Effect of the Payroll Tax Cut on Consumer Spending

Bigger pay checks would result from the tax cut and lead, in turn, to increased consumer spending, especially by middle- and low-income workers. Moody Analytics’ chief economist, Mark Zandi, estimates that a tax cut of $1 would add up to 80 cents to the GDP; contrast that to the boost to GDP (merely 65 cents to every dollar spent) that would result from a cut in personal income tax. Zandi accounts for this apparent anomaly by pointing out that the benefits of cuts to income tax mainly accrue to higher income earners who tend to save such increased income.

According to Zandi, in 2011, the consequent gain to the annual GDP from the payroll tax cut pushed it to 1.6% (a substantial increase of half a percentage point). However, this time around, any GDP growth sustained from the cut would be lower, given that fewer workers are available to raise production levels of goods and services than in 2011. Zandi explains this lower availability by pointing to the 3.7% unemployment figure that USA currently registers, the lowest recorded in half a century.

Is the Rise in the Deficit Justified?

If numerous economic experts of prominence are to be believed, the rise in the deficit accruing from the payroll tax cut is not justifiable. Zandi avers that a comparison with the situation in 2011 and 2012 is untenable, considering that in the aftermath of the great recession from 2007 to 2009, the US economy had not yet fully emerged. Unemployment was estimated at 8-9%, and wage growth was stagnant. Contrast that situation with the low unemployment and high wage growth currently enjoyed in the country.

Daco adds that traditionally strong consumer spending habits hardly need a boost.

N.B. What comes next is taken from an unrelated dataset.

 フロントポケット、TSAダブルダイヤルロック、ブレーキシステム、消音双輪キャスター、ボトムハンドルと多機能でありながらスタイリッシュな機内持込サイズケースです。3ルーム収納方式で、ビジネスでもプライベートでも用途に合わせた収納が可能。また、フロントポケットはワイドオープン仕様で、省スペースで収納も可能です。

Besides, fears of a looming recession could belie predictions that increased spending would result from the windfall gains in workers’ pay checks.

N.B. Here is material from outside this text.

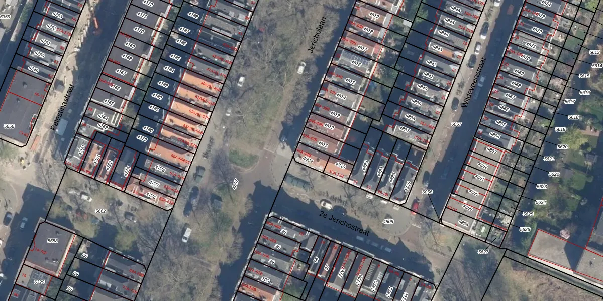 Jericholaan 44-B is gelegen op kadastraal perceel KLG00G4809. Deze kadastrale aanduiding is uniek en wordt gebruikt door het Kadaster om eigendomsrechten en andere zakelijke rechten vast te leggen. Het perceel maakt onderdeel uit van de kadastrale gemeente Kralingen.

The annual deficit is expected to touch the $1 trillion mark within a decade. Marc Goldwein, senior VP of the Committee for a Responsible Federal Budget, is convinced that the payroll tax cut would only exacerbate the problem of a growing annual deficit that was underscored by the passage of federal income tax cuts by Congress in December 2017. 

The next recession -- whenever it arrives -- would need a remedial dose of spending measures, measures that are only made harder when widening deficits are added to a humongous national debt of $22 trillion.